4.3.3.6 Calcitonin: It has significant analgesic effects, and the mechanism of action is not well understood, but may be related to the regulation of the downstream pain sensory control pathway. Calcitonin is not only used for the treatment of osteoporosis, but also has good effect on phantom limb pain and even complex regional pain syndrome (CRPS).
4.3.3.7 Hormones
The analgesic effect of hormones has not been confirmed, and there are still different views on their application as analgesic purpose, so the indications and contraindications should be strictly controlled. The indications for hormones include cancer pain, especially bone metastatic pain and pain caused by inflammatory reactions in certain acute bones and joints, muscles, ligaments and myofascia. Contraindications include osteoporosis, fracture trauma repair period, diabetes, hypertension, active peptic ulcer, infectious diseases, etc.
The combination or overlapping of drugs of the same nature only increases the dosage of drugs, which does not improve the efficacy, but increases the incidence of adverse reactions.

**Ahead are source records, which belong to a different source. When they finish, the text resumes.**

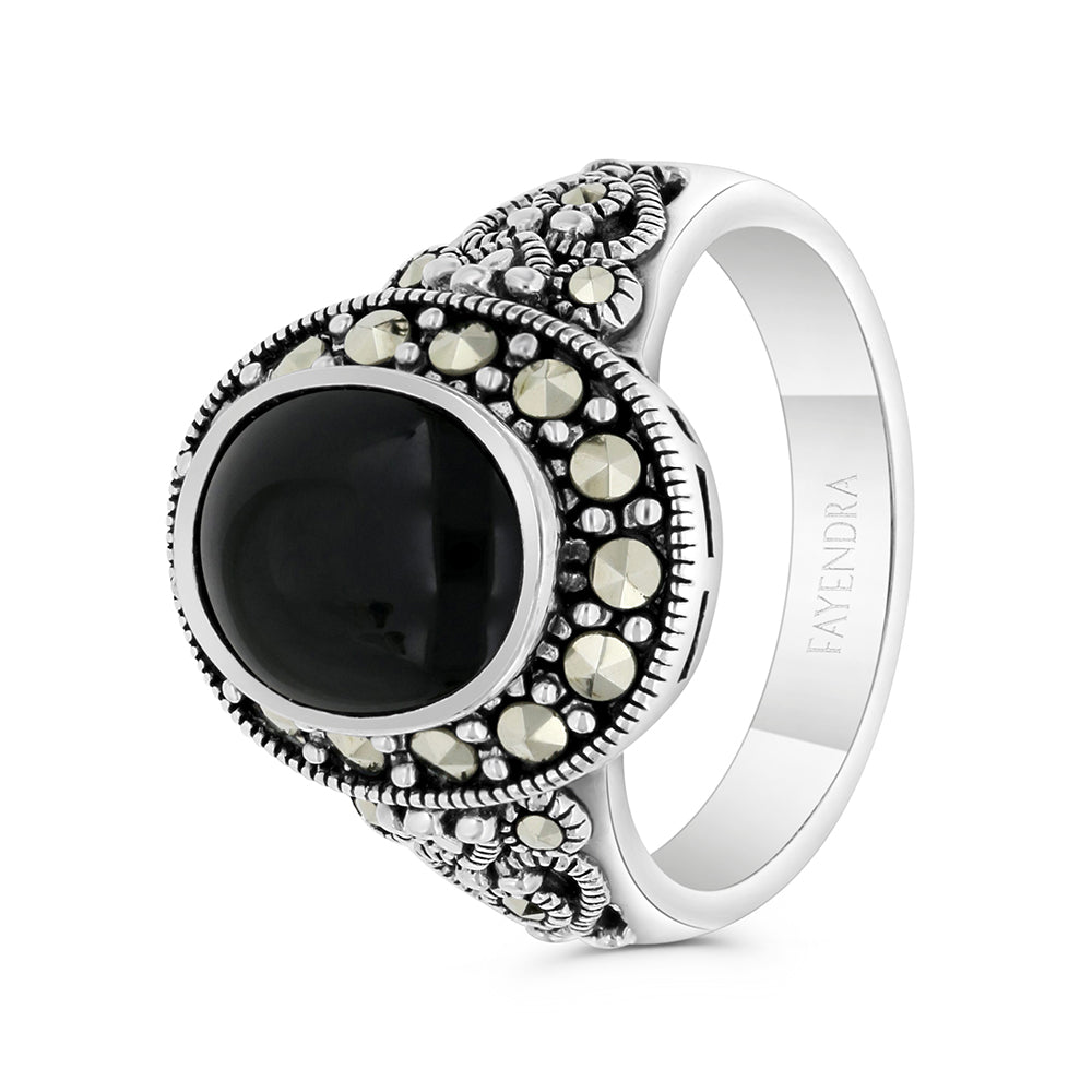 Sterling Silver 925 Ring Embedded With Natural Black Agate And Marcasite Stones
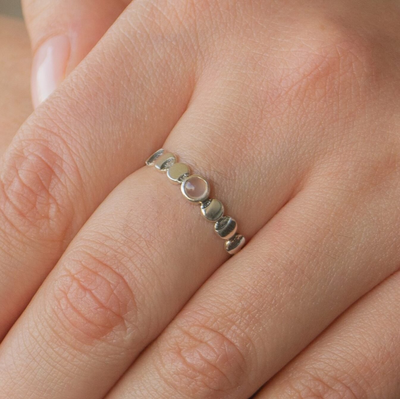 Descubre la magia celestial con nuestro anillo adornado con las fases lunares y una piedra natural de cuarzo rosa. Este diseño único, uno de nuestros más vendidos, combina misticismo y elegancia, convirtiéndolo en una pieza imprescindible para cualquier amante de la joyería distintiva.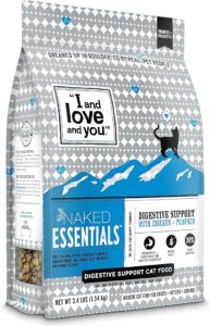 The “I and love and you” Naked Essentials Dry Cat Food is a grain-free kibble that provides digestive support for cats. It is made with USA farm-raised chicken as the primary ingredient and is packed with protein to boost energy and maintain lean muscle mass. The food contains fiber and pre & probiotics for easy digestion, and is free from GMOs and grains.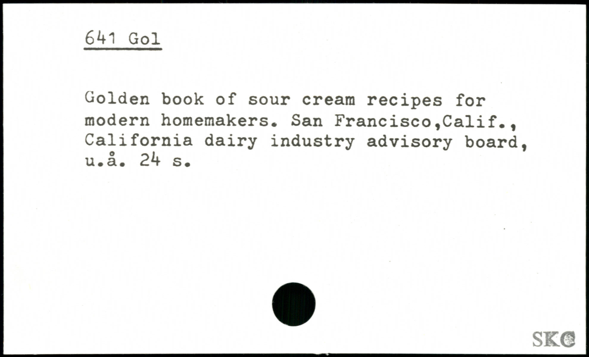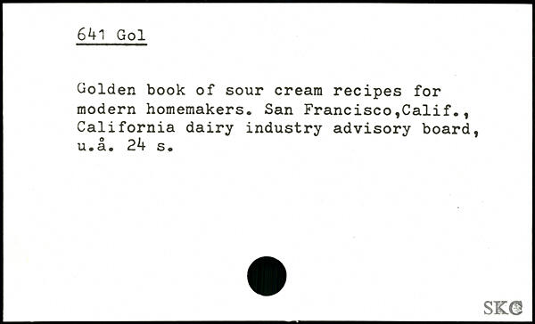 Golden book of sour cream recipes for modern homemakers. San Francisco,Calif., California dairy industry advisory board, u.a. 2k s. _SK0

Single drug analgesia and simple analgesia are sometimes difficult to achieve the desired therapeutic effect, and can be used in combination according to the actual situation of the patient and active causal treatment to increase the efficacy and reduce adverse reactions. Some scholars believe that the management of orthopedic pain is a kind of symptomatic treatment, which is suspected of masking the disease and delaying treatment.
However, the current more consistent view is that after a clear diagnosis or during the treatment process, reasonable analgesic drugs chosen according to the patient’s condition can relieve the pain of the patient’s organism, reduce the patient’s mental pressure, help improve the patient’s quality of life, and complement the smooth progress of etiological treatment. In conclusion. Only by carefully analyzing the causes of pain and the advantages and disadvantages of various pain treatments can orthopedic pain be treated safely and effectively.